The goal of a PC on every desk, while not globally fulfilled with billions yet to use a PC, has been nevertheless so successful that it has still given Microsoft billions of dollars in revenues and profits, while giving users all kinds of new capabilities even if they were intertwined with the occasional Blue Screen of Death.

One school of thought says that Microsoft would sell hundreds of millions more copies if only the software was cheaper – imagine if Windows Ultimate was only US $99. Why wouldn’t you buy it? At US $399, and $759 in Australia, it’s not hard to imagine why pirates might want to avoid paying. But in a free market, a company is free to charge what it chooses, with competition providing the incentive to keep prices low.

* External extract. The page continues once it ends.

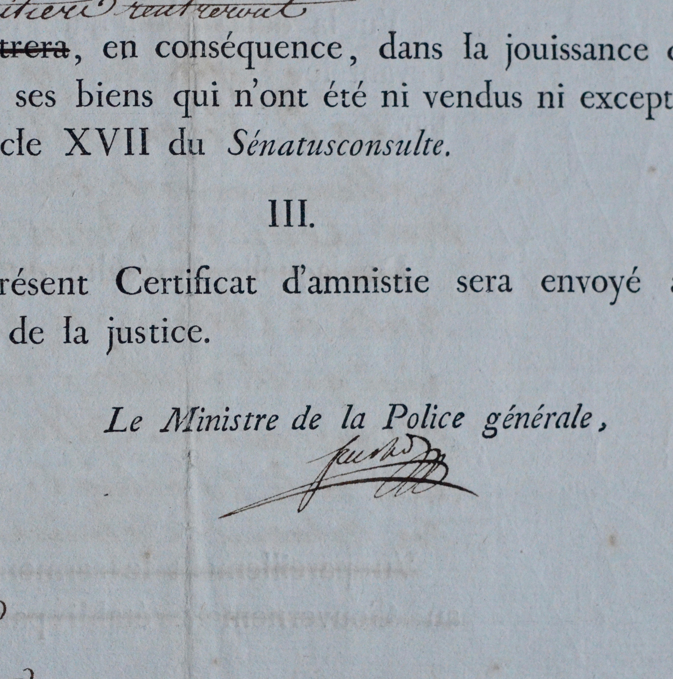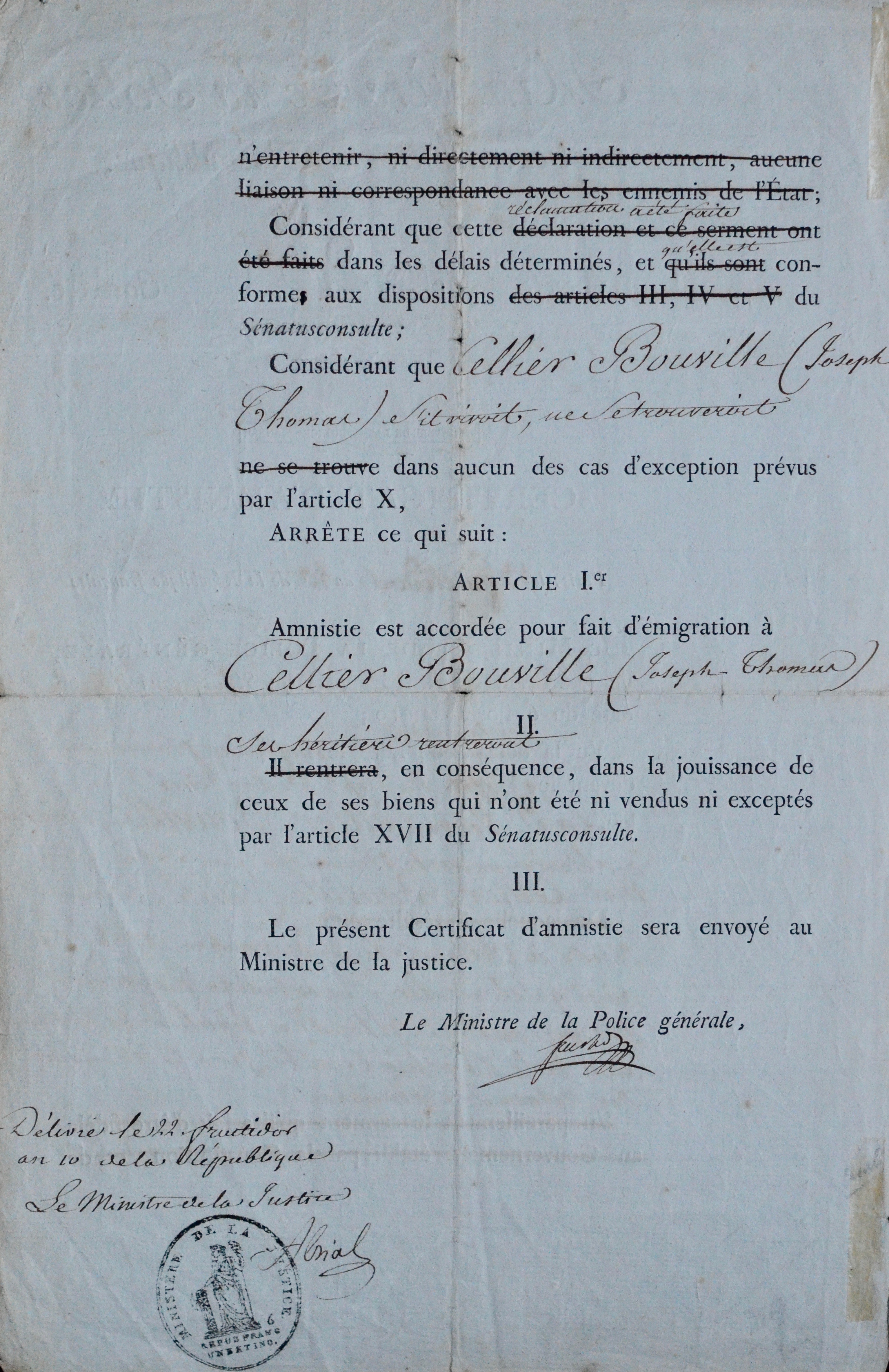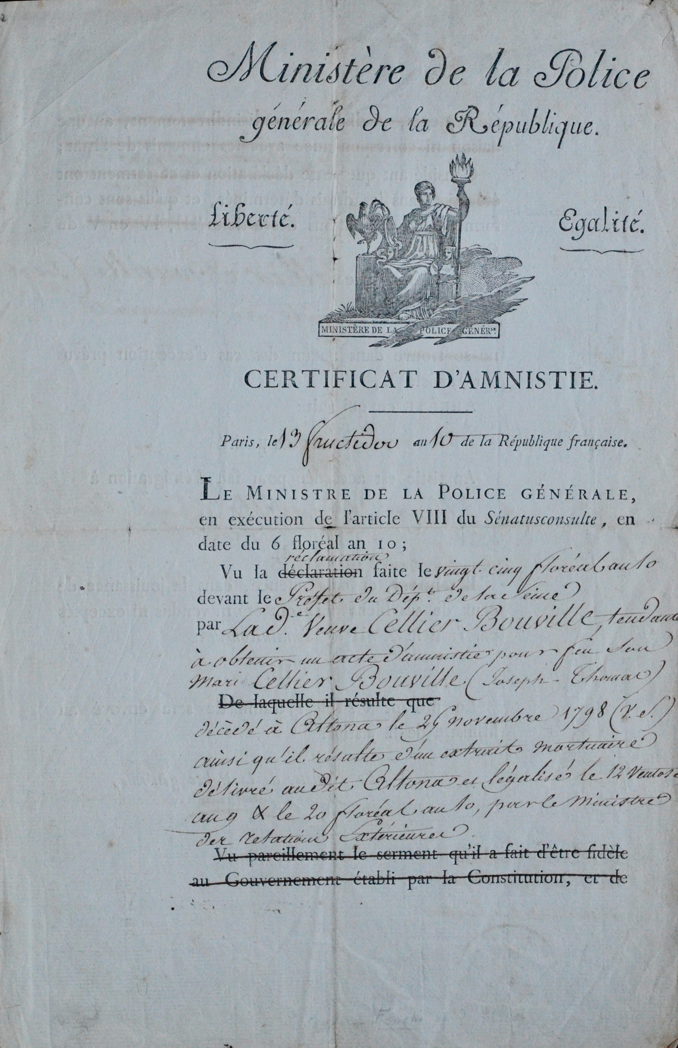 Certificat d'amnistie délivré par Joseph Fouché à la veuve de feu Joseph Thomas Cellier de Bouville (1766-1798) "décédé à Altona le 25 novembre 1798 [...]". Amnistie est accordée pour fait d'émigration, à titre posthume, à Cellier Bouville (Joseph-Thomas). "Ses héritiers rentreront, en conséquence, dans la jouissance de ceux de ses biens qui n'ont été ni vendus ni exceptés par l'article XVII du Sénatusconsulte [...]".

But even with free operating systems and alternate office suites, browsers and plenty of other free or inexpensive software out there, Microsoft is still the people’s choice with a 90%+ installed user base.

Yes, part of the user base was made up of pirate copies, but that helped, over the years, to turn Microsoft software into the most widely used standard. Of course, hundreds of millions of legitimate sales did that too, with Microsoft reaping rich rewards and becoming the world’s No.1 software company.

Now that most users are connected to the Internet, Microsoft can enforce the licensed use of their software much more easily than ever before. If you’ve pirated in the past and want to keep on using Microsoft’s latest software, well... this time around, you might just find yourself paying, whether by buying retail copies, or getting Vista and Office pre-installed (at much cheaper rates than boxed retail copies when subtracted from the cost of the hardware) on a brand new desktop or laptop PC.